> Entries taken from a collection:
○ ○ ○ ○
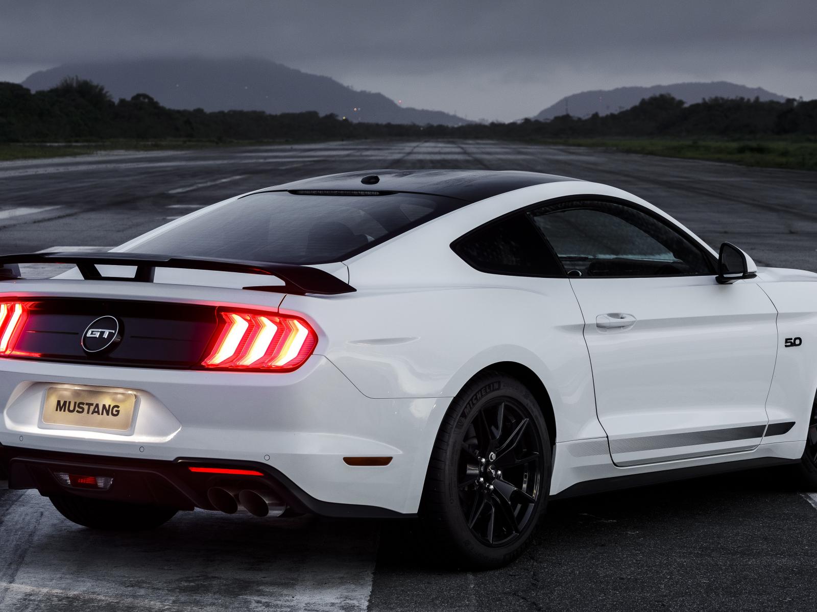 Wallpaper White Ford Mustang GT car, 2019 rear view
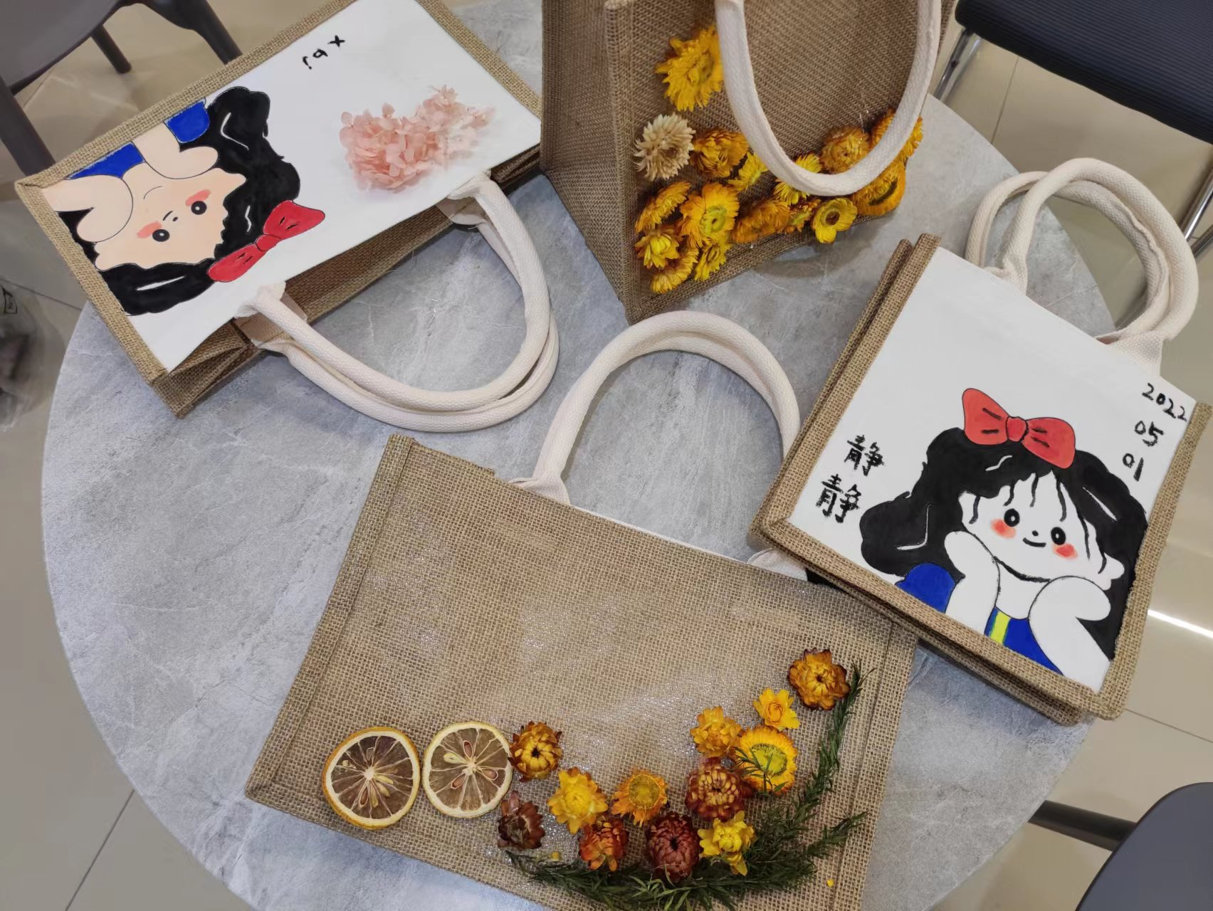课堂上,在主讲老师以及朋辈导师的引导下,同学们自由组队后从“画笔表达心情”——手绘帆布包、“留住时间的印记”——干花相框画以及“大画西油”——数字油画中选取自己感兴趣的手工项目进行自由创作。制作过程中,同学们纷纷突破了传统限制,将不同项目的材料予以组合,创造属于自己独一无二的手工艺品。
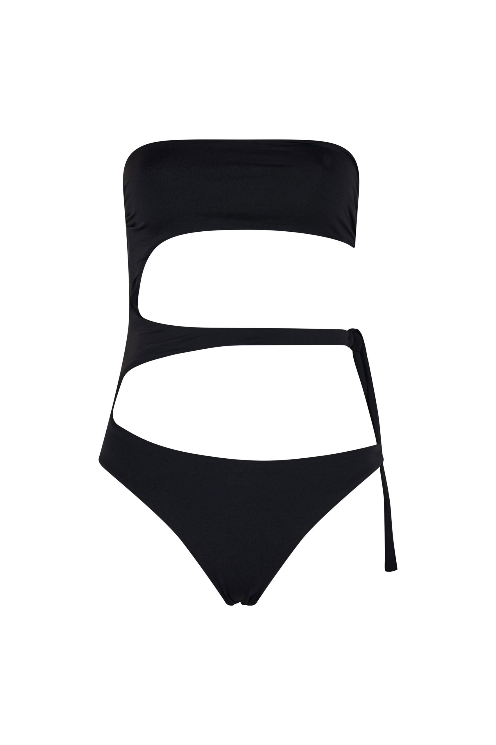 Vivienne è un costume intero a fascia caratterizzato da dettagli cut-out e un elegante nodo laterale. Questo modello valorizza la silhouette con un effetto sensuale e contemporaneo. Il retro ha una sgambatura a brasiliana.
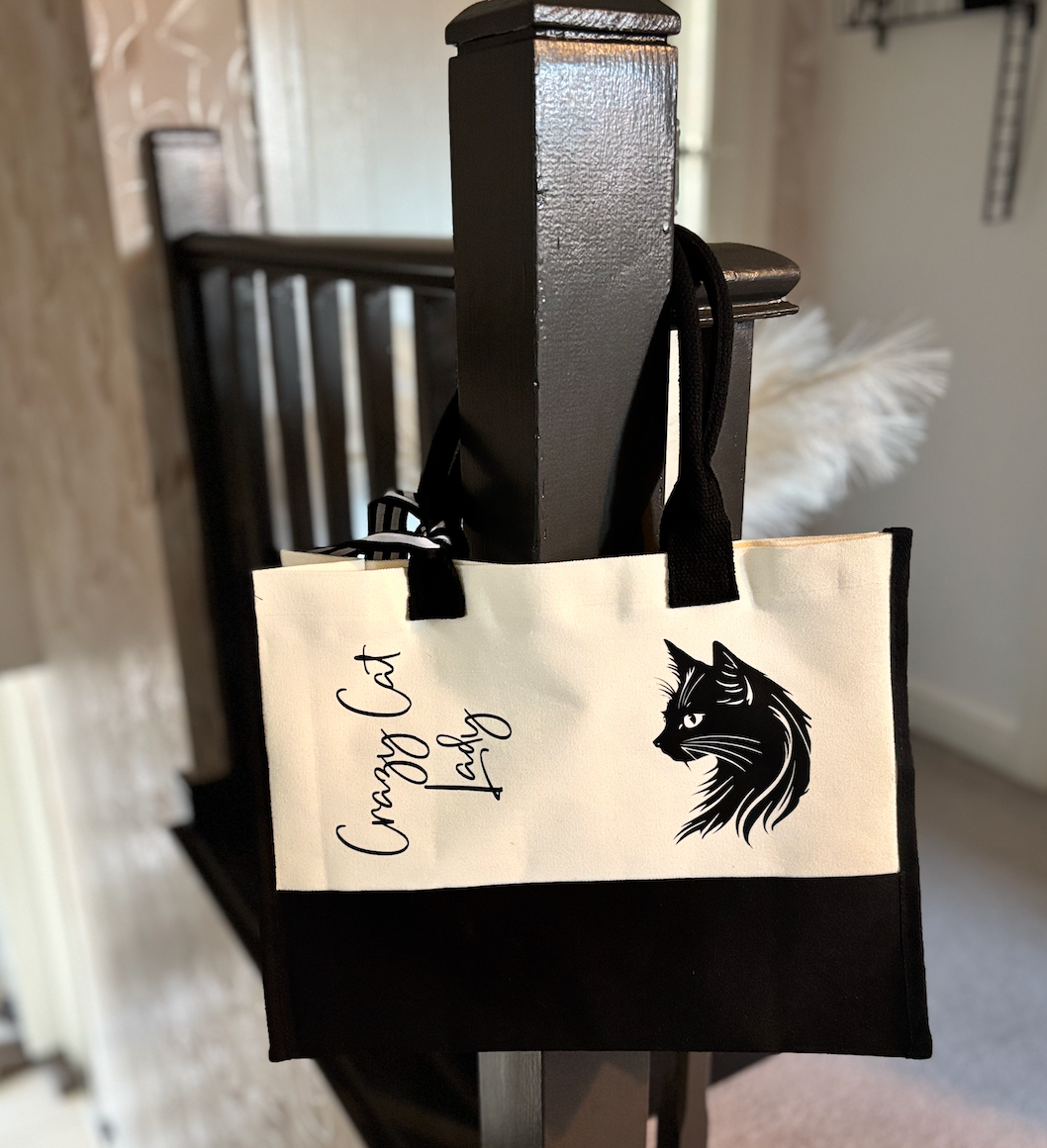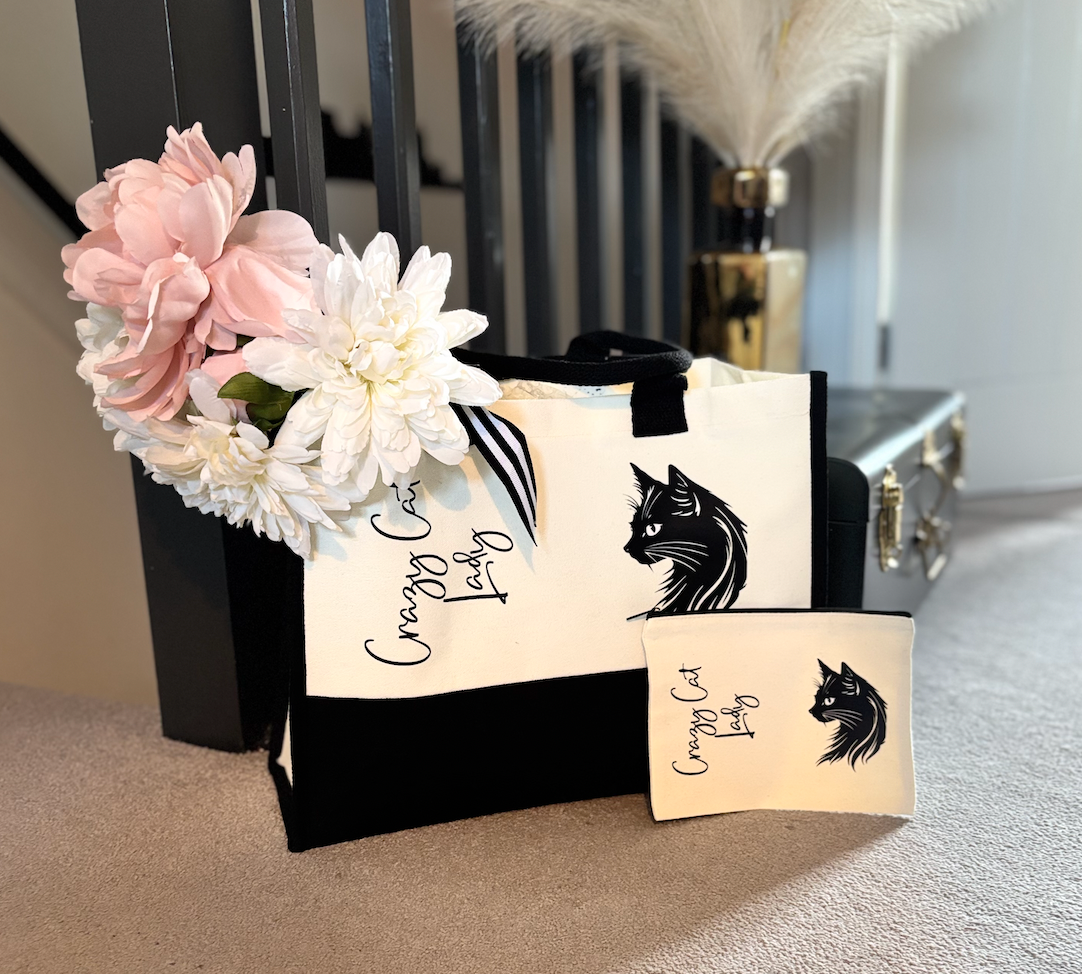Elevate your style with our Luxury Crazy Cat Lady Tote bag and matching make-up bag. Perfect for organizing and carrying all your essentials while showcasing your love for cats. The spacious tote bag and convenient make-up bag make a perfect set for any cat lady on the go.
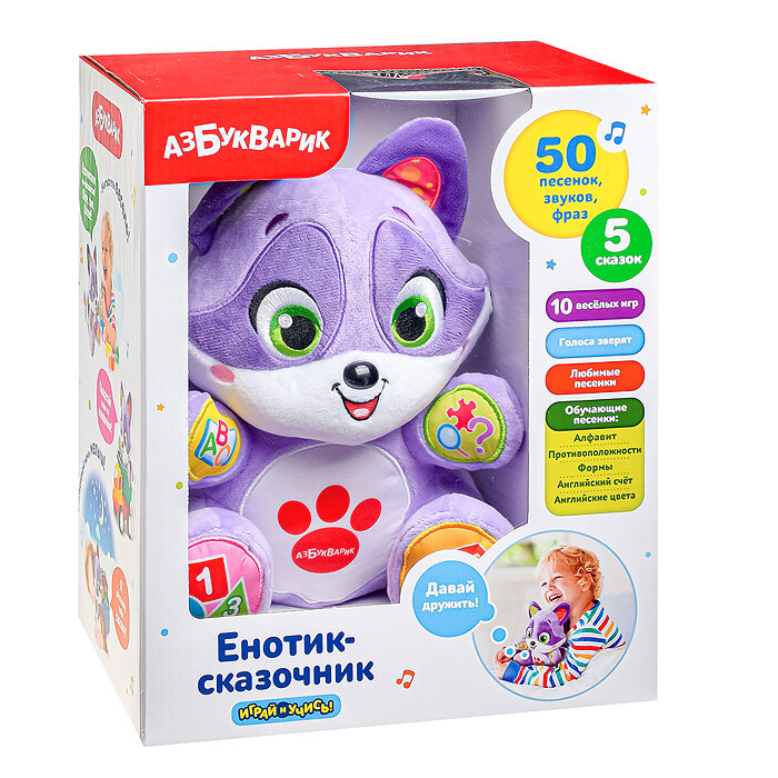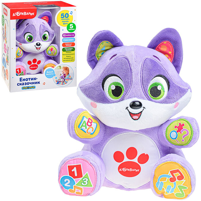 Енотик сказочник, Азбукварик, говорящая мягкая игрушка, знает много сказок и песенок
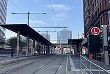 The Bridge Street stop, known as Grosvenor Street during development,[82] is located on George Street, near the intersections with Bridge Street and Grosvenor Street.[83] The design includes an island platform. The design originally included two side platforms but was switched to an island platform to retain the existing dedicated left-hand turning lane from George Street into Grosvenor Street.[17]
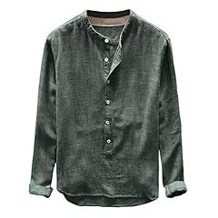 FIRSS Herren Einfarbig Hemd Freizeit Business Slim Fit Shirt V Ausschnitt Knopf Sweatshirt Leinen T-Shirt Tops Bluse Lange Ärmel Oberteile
○ ○ ○ ○
> WORK ORDER:
Print the lines from the beginning of the records up to and including the line containing "课堂上,在主讲老师以及朋辈导", word for word, with no pictures.

> RESULT BELOW:
 Wallpaper White Ford Mustang GT car, 2019 rear view
课堂上,在主讲老师以及朋辈导师的引导下,同学们自由组队后从“画笔表达心情”——手绘帆布包、“留住时间的印记”——干花相框画以及“大画西油”——数字油画中选取自己感兴趣的手工项目进行自由创作。制作过程中,同学们纷纷突破了传统限制,将不同项目的材料予以组合,创造属于自己独一无二的手工艺品。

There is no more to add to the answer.